[Assignment]: Using the data below, reproduce exactly the lines from the line with "除了娱乐设施外,这里的夜景也" to the line with "File Size - Enter", both included; pictures must be dropped.

[Data for analysis]:
◇ ◇ ◇

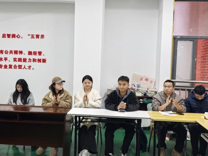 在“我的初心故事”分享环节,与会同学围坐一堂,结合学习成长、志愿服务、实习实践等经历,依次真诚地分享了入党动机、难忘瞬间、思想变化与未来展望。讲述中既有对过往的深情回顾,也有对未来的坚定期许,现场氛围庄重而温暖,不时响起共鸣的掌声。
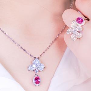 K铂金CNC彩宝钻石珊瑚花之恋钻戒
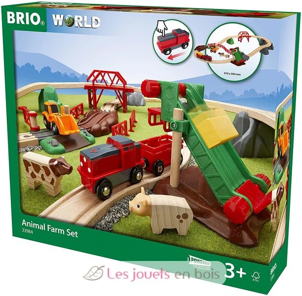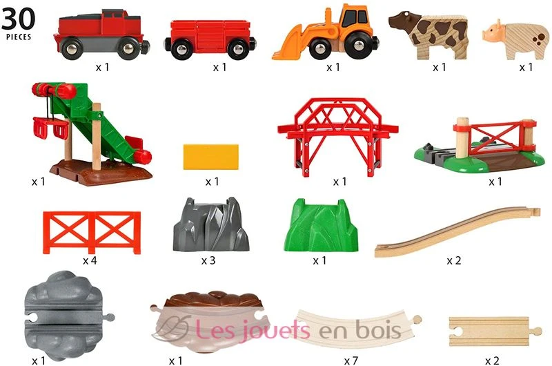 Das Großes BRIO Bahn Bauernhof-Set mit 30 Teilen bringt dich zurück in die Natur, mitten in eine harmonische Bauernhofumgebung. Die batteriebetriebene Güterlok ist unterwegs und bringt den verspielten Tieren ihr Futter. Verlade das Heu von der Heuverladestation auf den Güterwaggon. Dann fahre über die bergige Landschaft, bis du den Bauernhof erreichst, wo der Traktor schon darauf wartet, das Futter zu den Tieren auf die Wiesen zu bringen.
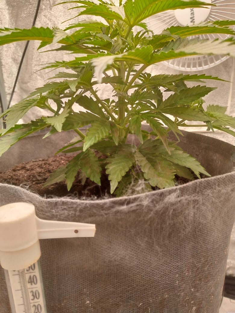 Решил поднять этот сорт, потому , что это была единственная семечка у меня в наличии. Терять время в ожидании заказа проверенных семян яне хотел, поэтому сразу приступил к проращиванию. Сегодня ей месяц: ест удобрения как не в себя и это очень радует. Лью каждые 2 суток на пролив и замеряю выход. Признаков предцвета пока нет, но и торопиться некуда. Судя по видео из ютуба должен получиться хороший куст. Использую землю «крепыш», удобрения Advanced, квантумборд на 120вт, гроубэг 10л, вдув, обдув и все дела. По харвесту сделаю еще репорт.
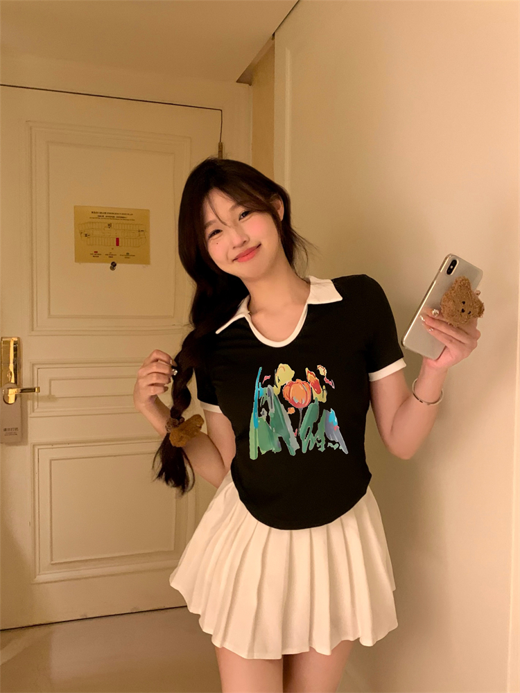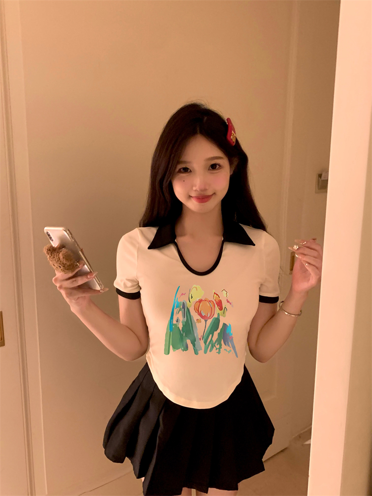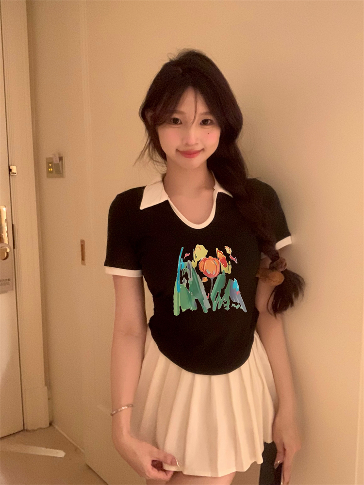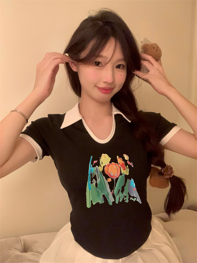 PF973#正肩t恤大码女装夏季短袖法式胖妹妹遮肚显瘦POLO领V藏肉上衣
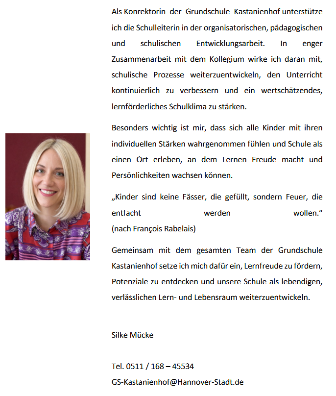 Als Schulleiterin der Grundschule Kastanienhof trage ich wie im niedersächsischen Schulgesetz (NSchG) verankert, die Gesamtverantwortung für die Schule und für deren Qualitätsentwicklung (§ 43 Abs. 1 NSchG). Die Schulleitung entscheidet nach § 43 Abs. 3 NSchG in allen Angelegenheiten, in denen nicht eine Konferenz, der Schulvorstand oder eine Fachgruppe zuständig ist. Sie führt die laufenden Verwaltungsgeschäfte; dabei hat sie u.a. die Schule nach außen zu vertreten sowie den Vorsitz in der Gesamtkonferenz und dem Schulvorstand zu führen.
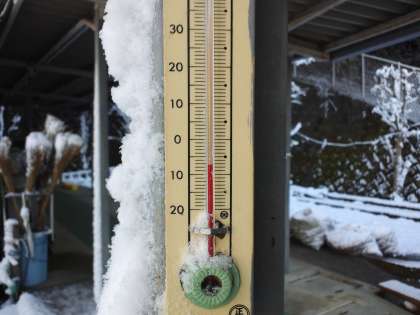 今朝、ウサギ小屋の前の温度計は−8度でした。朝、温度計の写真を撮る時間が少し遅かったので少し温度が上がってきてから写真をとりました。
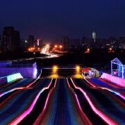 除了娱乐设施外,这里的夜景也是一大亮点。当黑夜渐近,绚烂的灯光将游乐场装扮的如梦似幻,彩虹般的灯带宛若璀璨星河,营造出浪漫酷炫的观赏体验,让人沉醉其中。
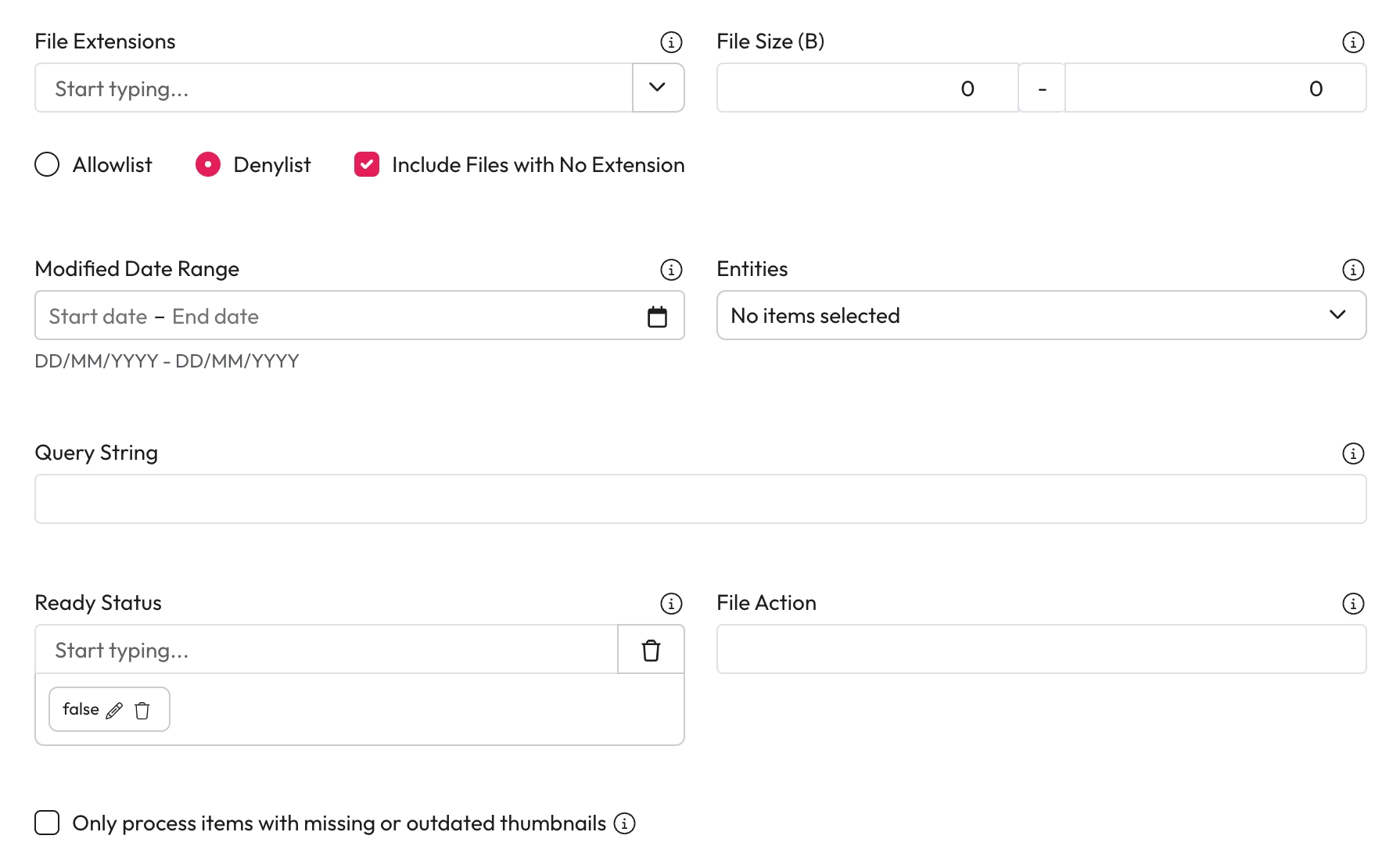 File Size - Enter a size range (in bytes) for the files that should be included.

◇ ◇ ◇

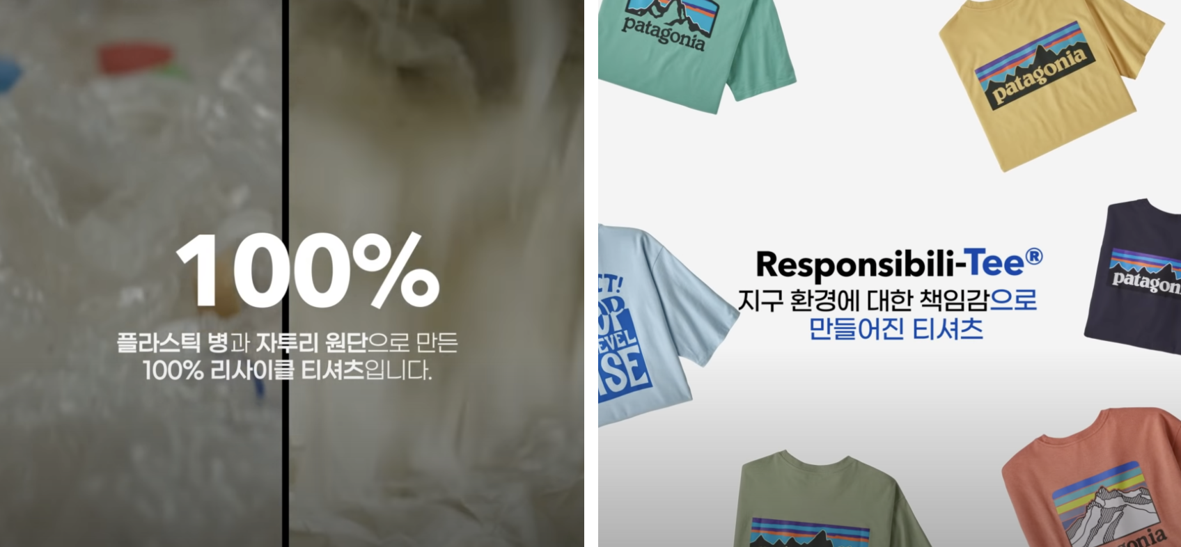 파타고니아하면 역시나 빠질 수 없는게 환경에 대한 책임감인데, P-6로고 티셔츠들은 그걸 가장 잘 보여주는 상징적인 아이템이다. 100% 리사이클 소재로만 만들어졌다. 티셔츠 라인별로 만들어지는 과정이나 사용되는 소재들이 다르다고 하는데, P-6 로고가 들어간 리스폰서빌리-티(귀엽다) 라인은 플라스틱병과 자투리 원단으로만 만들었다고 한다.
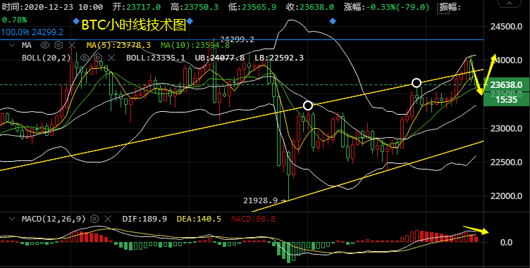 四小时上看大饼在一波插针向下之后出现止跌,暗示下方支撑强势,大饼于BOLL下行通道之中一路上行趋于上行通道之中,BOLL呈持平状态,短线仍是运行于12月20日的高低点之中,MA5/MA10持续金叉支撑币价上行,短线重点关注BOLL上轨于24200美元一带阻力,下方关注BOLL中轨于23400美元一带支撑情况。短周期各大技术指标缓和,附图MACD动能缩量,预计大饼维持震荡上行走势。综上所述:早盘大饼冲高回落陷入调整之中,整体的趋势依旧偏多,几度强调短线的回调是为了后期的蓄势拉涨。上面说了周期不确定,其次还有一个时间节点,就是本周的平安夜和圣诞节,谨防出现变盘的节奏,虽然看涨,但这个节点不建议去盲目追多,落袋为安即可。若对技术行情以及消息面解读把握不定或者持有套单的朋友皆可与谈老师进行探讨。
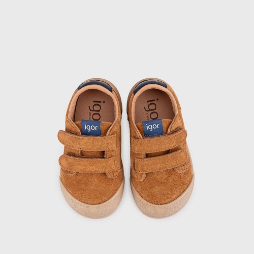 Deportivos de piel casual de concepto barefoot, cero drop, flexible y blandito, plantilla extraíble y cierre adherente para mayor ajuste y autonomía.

◇ ◇ ◇

[Task solution]:
 除了娱乐设施外,这里的夜景也是一大亮点。当黑夜渐近,绚烂的灯光将游乐场装扮的如梦似幻,彩虹般的灯带宛若璀璨星河,营造出浪漫酷炫的观赏体验,让人沉醉其中。
 File Size - Enter a size range (in bytes) for the files that should be included.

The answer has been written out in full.